Moving SNS-SQS subscription

Using date condition operators to route messages

An interesting problem came up recently, where we needed to move an existing SNS-SQS subscription to a new queue in another AWS account. At first glance, the solution was easy — delete the old subscription and create a new one. The problem was that this topic was constantly in use, 3–4 messages going through every second, and the messages would’ve been dropped or duplicated during the switch.

Moving SNS-SQS subscription

One possible solution was to keep both subscriptions and de-duplicate messages in the app. That would require a new DynamoDB table and felt like too much effort.

At last, I found an interesting SQS functionality — date condition operators. They let you construct conditions that restrict access based on time.

And this is exactly what I need: with the policy you can define a switchover date and time. Before that time, no messages will be allowed to the new queue. After that time, no messages will go to the old queue.

I tried it out with the following CloudFormation template. For the sake of simplicity, both queues are in the same account.

This template creates the following resources:

  • Topic — the SNS topic. I will send test messages there
  • Queue1 — the “old” queue. This queue should stop receiving messages at some point
  • Queue1Policy — this policy allows Topic to send messages until 2019–02–10T07:59:59 UTC
  • Subscription1 — Defines SNS-SQS subscription for the “old” queue
  • Queue2 — the “new”queue.
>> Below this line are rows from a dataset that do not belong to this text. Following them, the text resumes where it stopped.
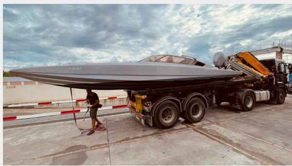
WhatsApp Image 2022-08-25 at 12.13.54 PM (6)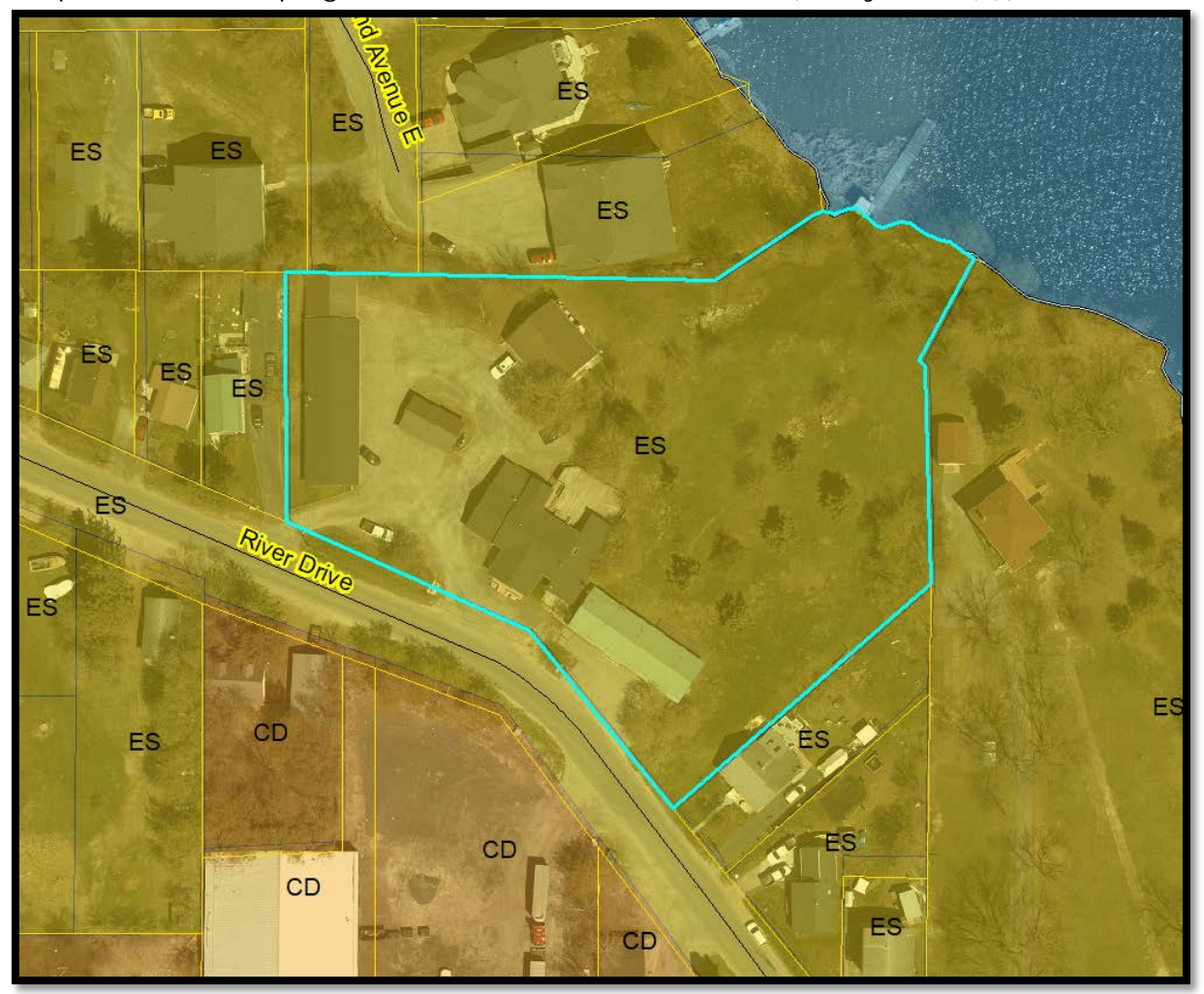
Figure 3 – Official Plan Mapping

Residential development is encouraged in the Established Area through plans of subdivision, condominium, and consent as infilling or redevelopment of existing uses on full municipal services. Medium density residential uses are supported provided that the development is in keeping with the character of the area (Policy 4.1.2(c)).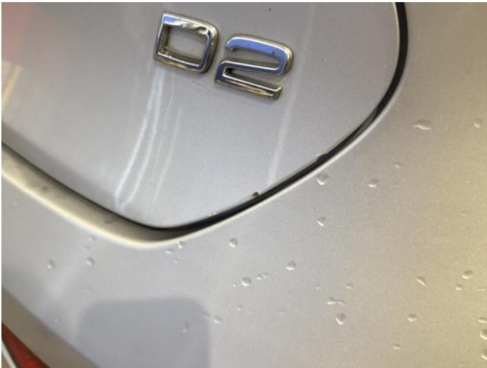
11: Tailgate Scratched Rusted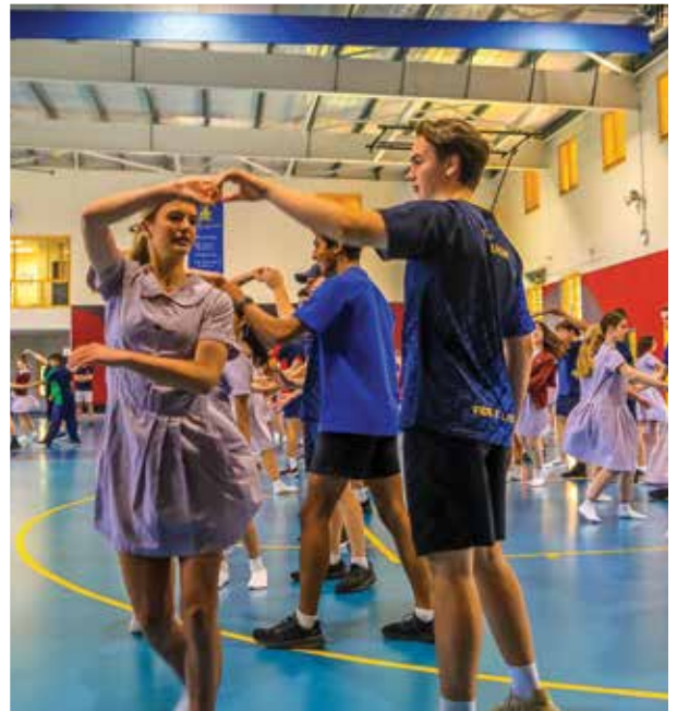
Top left Year 5 Camp. Top right Year 7 Camp. Bottom left Year 6 Canberra trip. Bottom right Year 9 Ceroc Dance Workshop with Year 9 Brigidine College.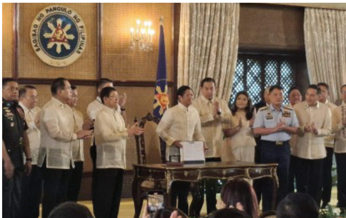
NEW LAWS. President Ferdinand R. Marcos Jr. formally signs into law the Philippine Maritime Zones Bill and the Philippine Archipelagic Sea Lanes Bill in a ceremony at Malacañan Palace in Manila on Friday (Nov. 8, 2024). The new laws will be known as Republic Act (RA) 12064 or the Philippine Maritime Zones Act and RA 12065 or the Philippine Archipelagic Sea Lanes.

He said the declaration of the country's maritime zones and archipelagic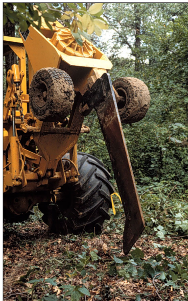
Figure 8 (Fred Baker, with permission).

Given the higher significance of underground spread, control of direct tree-to-tree transmission is much more important. Here, interruption of the disease cycle is accomplished by physically severing actual or potential root contacts between diseased and healthy trees. This is done by trenching or cutting through the soil with a trencher or vibratory plow. The latter is the preferred tool. Given the depth of oak root systems, it is advisable to use a 5 ft blade (Fig. 8). Trenching must always be done before the diseased or dead trees are cut for removal (see below), to avoid sudden water tension imbalances that might “suck” fungal material from the infected trees into the healthy trees through the common root system. Trenching should be conducted by advice of specialists. This is due to the importance of locating the trenches appropriately between diseased and healthy trees. When possible, a double trench defining a buffer band of apparently healthy trees between diseased and uninfected trees should be used (Fig. 9).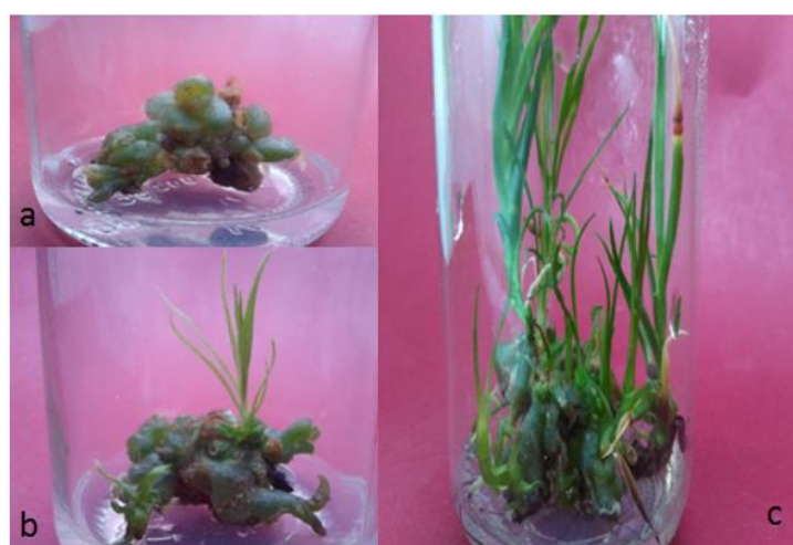
Fig. 5: Caulogenesis stage of Dracaena draco internodal segments (a and b) and shoots regenerations grown in vitro on MS medium augmented with BA at 0.5 mg/l and NAA at 2.00 mg/l over 60 days.

L.S.D. (0.05) = Least significant difference test at 0.05 level of probability. *, **: Significant or highly significant.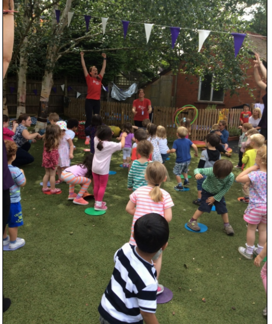
Here the children are enjoying Stetch 'N' Grow Sports Day at Broussa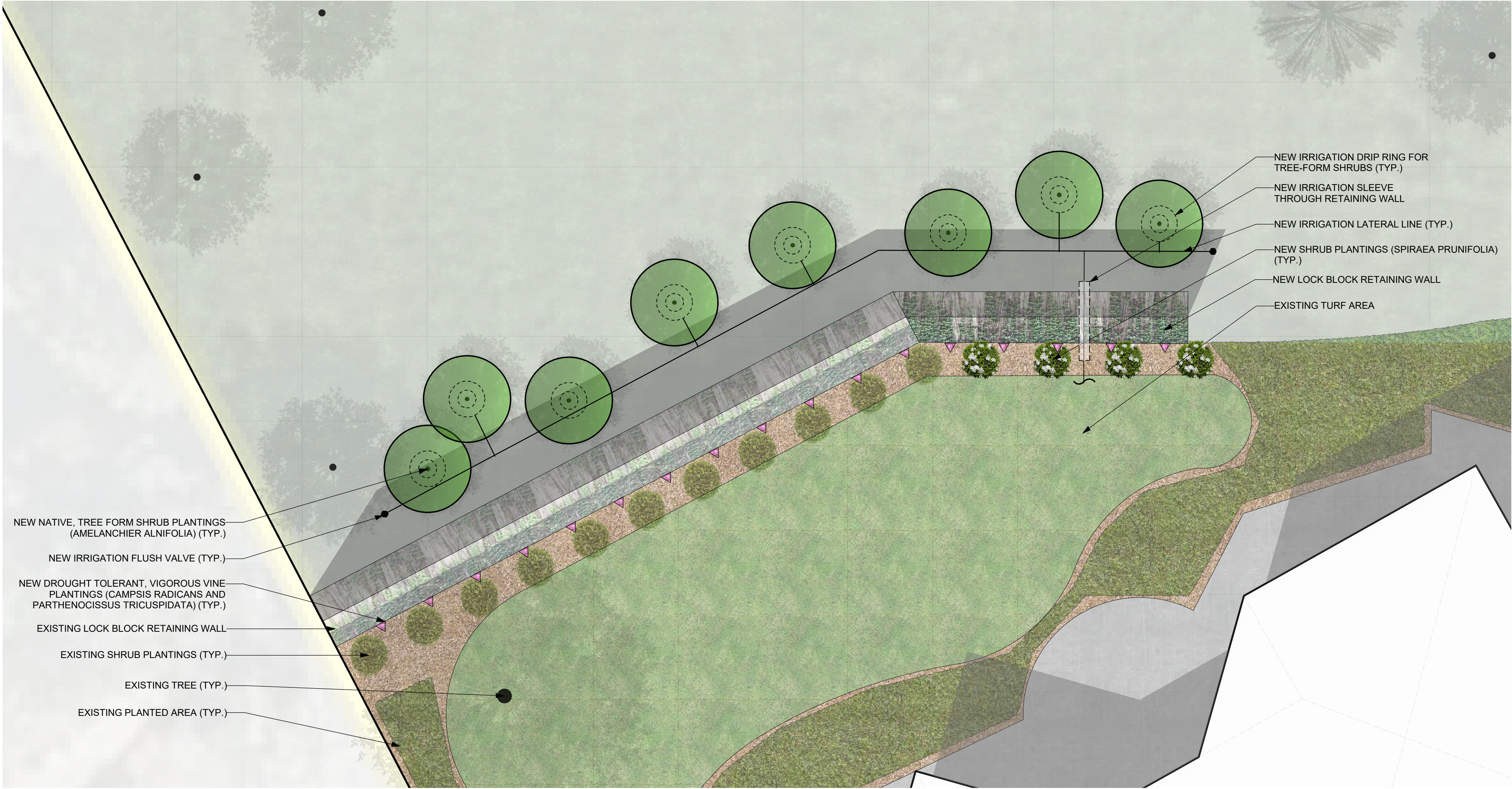
RETAINING WALL PLAN SCALE 1:75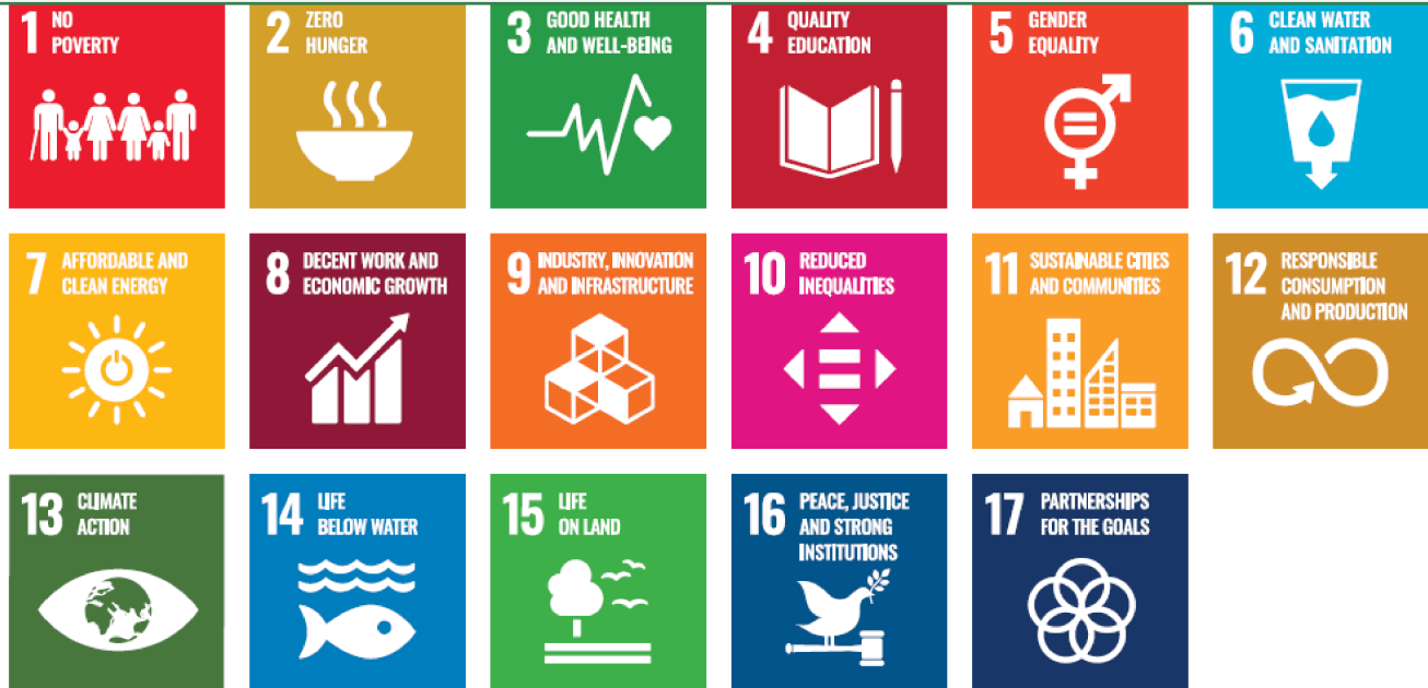
Figure 3 — The icons of the United Nations Sustainable Development Goals (SDG)

This is a preview of "BS EN 15643:2021". Click here to purchase the full version from the ANSI store.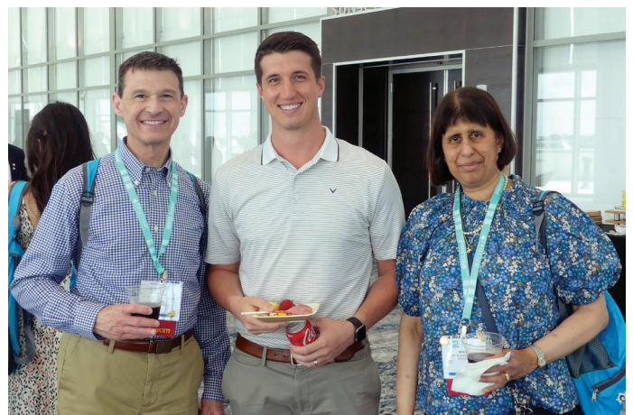
Members of team Virginia Commonwealth who took third place at CDABO Resident Case Display program.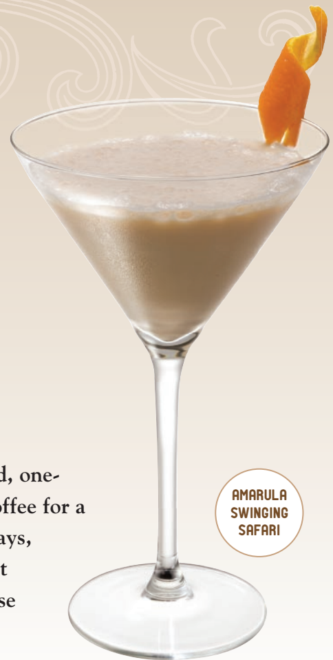
AMARULA SWINGING SAFARI

Mix equal parts honey and warm water. Stir until dissolved and place in a small bowl. Place crushed almonds onto a small plate. Dip the rim of a martini glass into honey water and then into crushed almonds. Pour Baileys, hazelnut liqueur, vanilla liqueur and half & half into a cocktail shaker with ice. Cover and shake well. Straining the ice, pour contents from shaker into rimmed martini glass.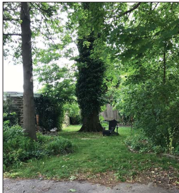
Fig. 8. The lawn in the rear, or far west, of the property.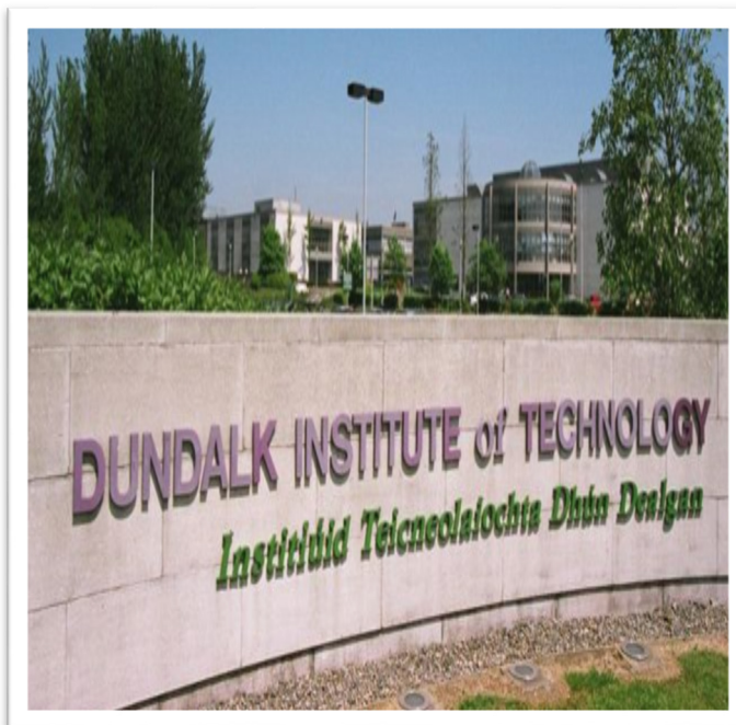
DUNDALK INSTITUTE OF TECHNOLOGY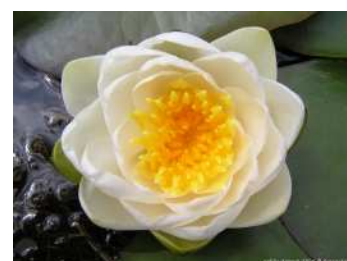
The White Lotus

(6) "Living the Higher Life", Reprinted in "Theosophy" magazine, Vol. I, p. 301. Also Vol. XII, p. 446.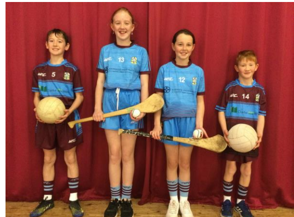
P7 Sports Captains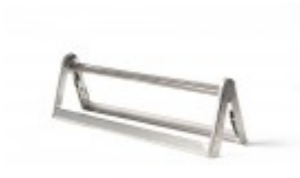
S/S 18" MODEL PAPER CUTTER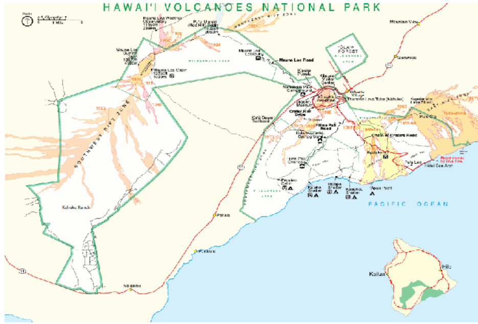
Figure 1. Follow the wiggly road north-west of Kilauea Caldera to the Mauna Loa Lookout (2035M elevation) and the beginning of the trail to the Mauna Loa Summit. Any place in the park, including 'Ola'a Forest counts as the VOL multiplier.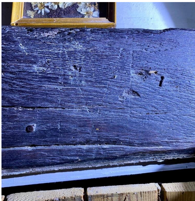
Attic – no apparent marks.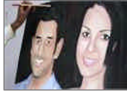
A portrait of Indian captain M S Dhoni and his wife Sakshi Rawat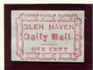
TYPE IV - FORGERY A TAYLOR - FORM C 1¢ DULL RED ON WHITE (71L3)

S. A. Taylor only produced forgeries of the "Type IV" stamp. There are various ways to tell this forgery apart, such as the typefaces being completely different for both "GLEN HAVEN" and "Daily Mail", and the colons in the chain links at the top and bottom are missing.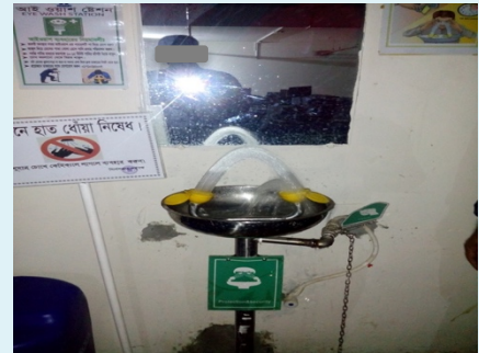
Improved Health & Safety: Installed eye wash station in chemical store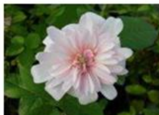
Perle d'Or * Bloom color-Apricot Yellow Bloom Type-Semi-Double Blooming Period-Repeat Bloomer Mature H x W - 3' - 6' x 3' - 4' Rose Category-Polyantha Small Shrub Earth Kind Rose of the Year 2007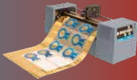
Gerber GS Series Plotters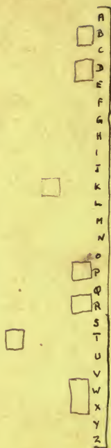
Fig 4. Apparatus for scoring - Virginia. Point marks arranged & 1st column of Fig 1.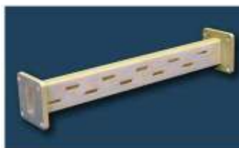
Order Code - 10537 Slotted Broad Wall Antenna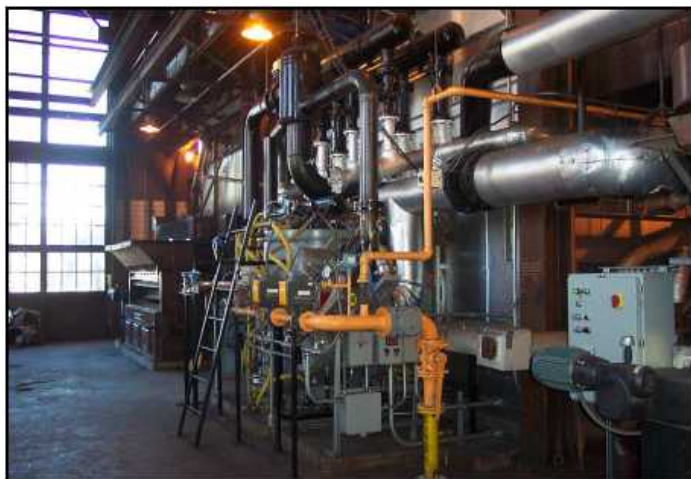
Ashworth Gasifier - Combustor

The Ashworth Gasifier-Combustion System™ is a multi-pollutant reduction clean coal technology that was demonstrated at the Lincoln Developmental Center in Lincoln, Illinois by ClearStack Combustion Corporation. Private funding (ClearStack, Allegheny Energy Supply, Dynegy, Detroit Edison, EPRI) and State (Illinois Department of Commerce and Community Affairs - Office of Coal Development and Marketing, Illinois Clean Coal Review Board, and the Illinois Development Finance Authority) was secured to demonstrate the technology for a total project cost of $3.5 million. The technology is a three-stage coal oxidation technique based on the use of a gasifier stage (limestone added), followed by a slightly reducing gasifier stage followed by a final overfire excess air stage. This technique reduces the major air pollutants, NO x , SO 2 , Hg and other metal air toxic emissions, associated with coal combustion. The technology is patented and capable of biomass co-firing. Testing was completed in March 2003; see test results below. ClearStack is currently working toward the development of a large scale commercial project. The technology can be retrofitted to coal-fired boilers or kilns to reduce pollutant emissions. It is much less expensive to install and operate than a wet scrubber plus selective catalytic reduction.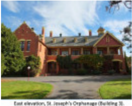
St Joseph's Orphanage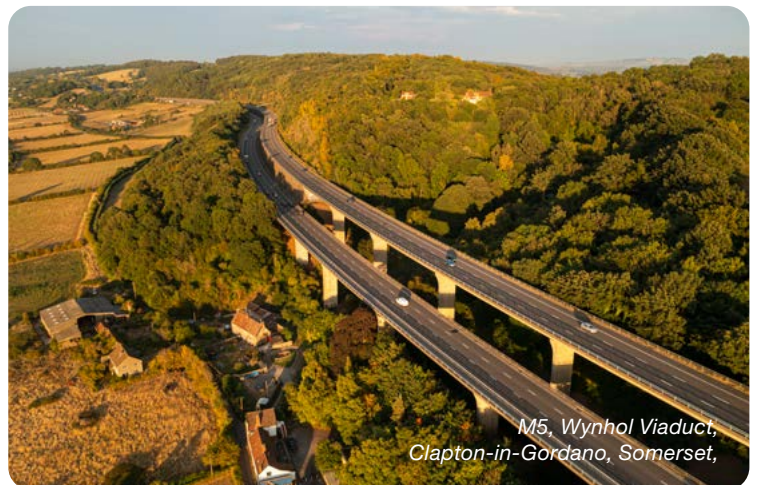
M5, Wynhol Viaduct, Clapton-in-Gordano, Somerset,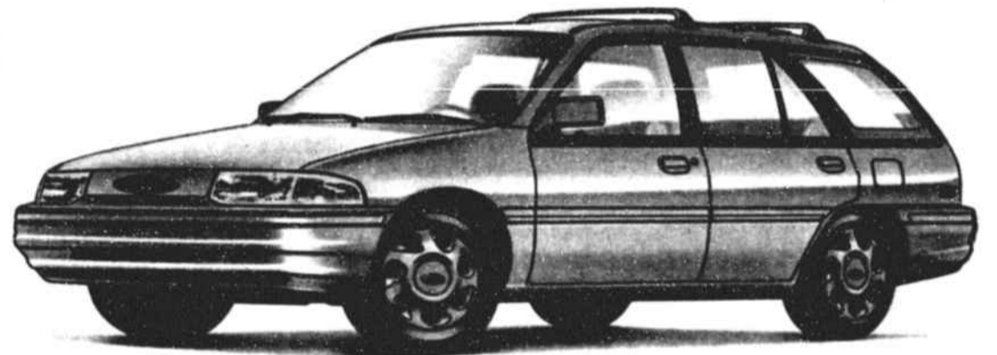
Ford Escort is the best-selling small car in America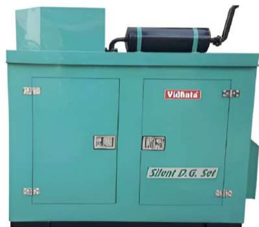
5 KVA - 20 KVA Silent D.G. Set Water / Air Cooled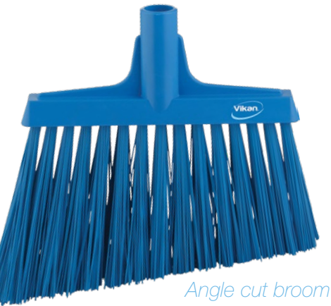
Angle cut broom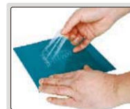
step 2: paste and remove the tape

This is the target queue we are migrating to
  • Queue2Policy — this policy allows Topic to send messages starting at 2019–02–10T08:00:0 UTC
  • Subscription2 — SNS-SQS subscription for the “new queue”

You can deploy the template with the following command: aws cloudformation deploy --template-file sns-resubscription --stack-name test-sqs-subscriptions. Change the dates accordingly. To test it, you can go to the AWS console and send some messages to the newly created topic. At the given time the messages should stop going to the Queue1and go to Queue2 instead.

The tricky part is SNS re-deliveries. I know that SNS has quite aggressive retry policies for SQS. If the queue is not available, it tries over 100000 times for 23 days. But what happens when SQS policy denies delivery? Will it keep trying? I don’t want to see thousands of errors in CloudWatch for every single message.

Turns out, an access error is a final status. SNS will not attempt to deliver again. In this case, it’s what I need.

In the end, it worked out well. At the given time, the messages started going to the new queue. We deleted the old stack with the old queue and the switchover was complete. I did not observe any issues.